How will the growing adoption of metaverse influence the way banks engage with their customers, deliver services and launch new products in the BFSI sector?
Metaverse is yet at its founding stage and businesses are still getting their hands around the technology and finding use cases for the same. However, it is promising and over time, we should find ways to use it significantly more effectively to deliver services to clients in an engaging manner.
Banks and financial institutions should realise and identify new advertising opportunities that metaverse has created from digital billboards to partnerships with celebrities, whose avatars will speak to potential customers.
What are the possible impediments and security threats while deploying these technologies? How do you plan to address these?
The next generation of the internet will be both immersive and in 3D.
- Moderation challenges: No help or support access exists in most of the metaverses. NFT theft, for example, can leave a user without support.
- Identity: Metaverse users’ identities can be spoofed, their accounts can get hacked and their avatars can be taken over. A common challenge is that the identity of the person metaverse users are dealing with is always suspicious.
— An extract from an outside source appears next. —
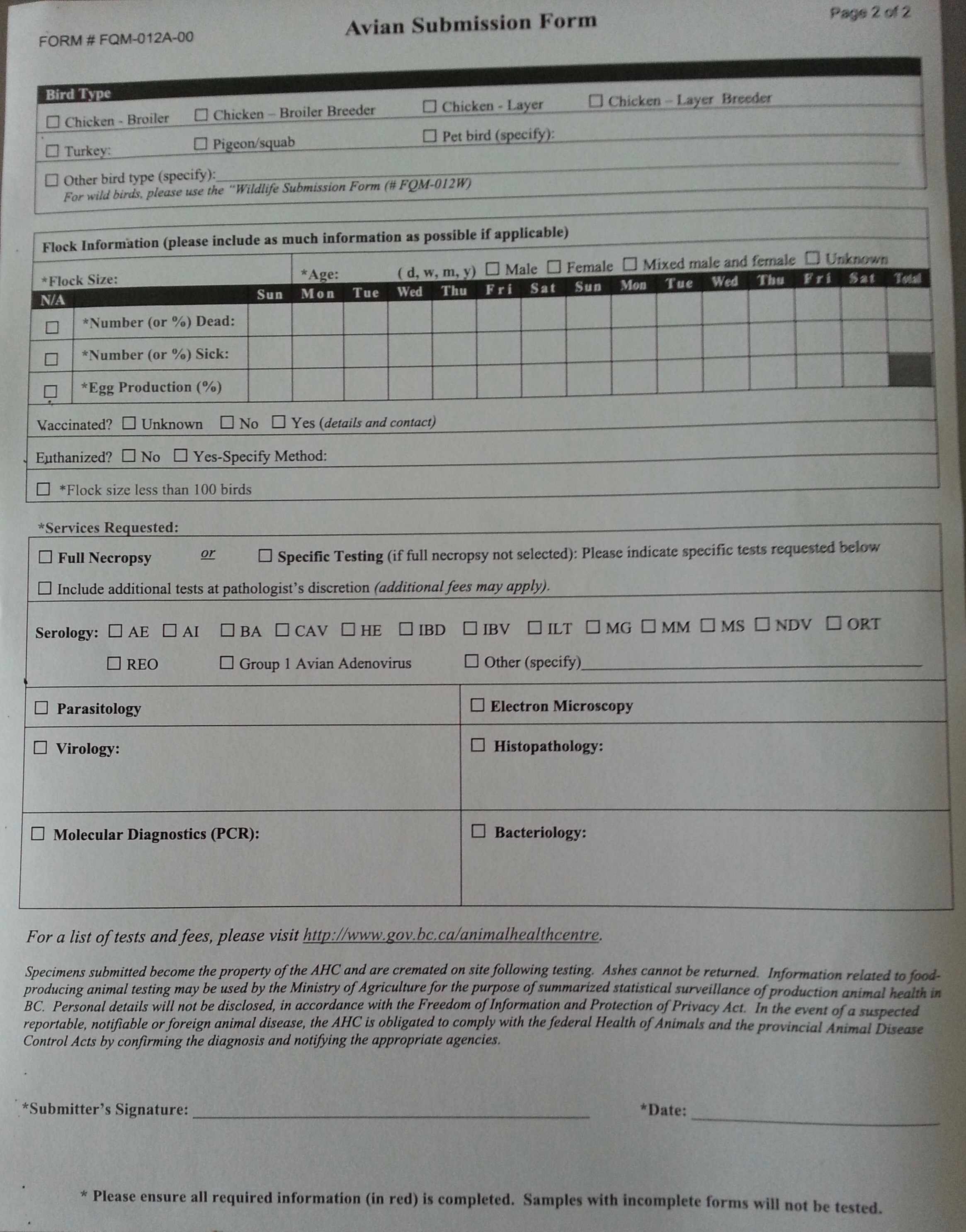 There is a standard submission form which I needed to fill out giving my details and any information about the symptoms of the deceased bird. You can check off boxes for further testing: bacteriology, virology, toxicology and histology. Of course, wanting my money’s worth I checked them all. They don’t do everything imaginable, but select the most likely tests applicable to the specimen they are working on.

- Client vulnerabilities: VR and AR headsets are heavy-duty machines and are ripe targets for malicious and inadvertent hacks. Location spoofing and device manipulation enable perpetrators to take over users’ identities and cause havoc after entering the metaverse.
- Law and jurisdiction: Submerging into the metaverse will bring forth the question of legislation and jurisdiction, requiring countries to look more into the virtual legal domains. With the growing virtual space accessible for users worldwide, it will be essential to identify which jurisdiction will be applicable to ensure the virtual space is safe and secure for its users.
- Data accuracy: Location, merchandise quality, reviews, user information and third-party trusted data are anchored around accuracy. However, ensuring accuracy can be difficult. Submerging into these technologies will require to evolve security methods at par with the ever-so-expanding space of the technology.
- Privacy: No metaverse regulations exist and the need for data collection for a truly personalised immersive experience requires privacy invasion. Unlike the General Data Protection Regulation and other regulations, which have regional sovereignty requirements, virtual experiences have no borders, and therefore, ensuring privacy is at the mercy of the platform owner and the property owners.
- Access point compromise: The entry into the VR metaverse is typically through a headset. Any compromise of the headset endpoint could result in a complete takeover of that user’s avatar.
- Spying: Avatars can change appearance, which means that meetings, personal chats and other interactions are subject to spying and intrusion without the affected parties’ knowledge.
- Data integrity: AR involves overlaying third-party data, so any compromise in the integrity of data could present a major challenge. If a location app that has been overlaid onto a headset uses flawed location data, it could result in incorrect directions given to the user.
What will be the future technology trends reshaping the BFSI industry?
Financial uncertainty fuelled by the pandemic will shape investments, businesses and consumers for years to come. The fallout has meant acceleration on some fronts with an increased focus on fintech and digitalisation as well as the rethinking of conventional systems to better address mounting social and environmental imperatives. At EWM, we are betting on blockchain, metaverse (coupled with 5G) and enhanced AI/ML capabilities (coupled with data and cloud compute), which will shape this industry.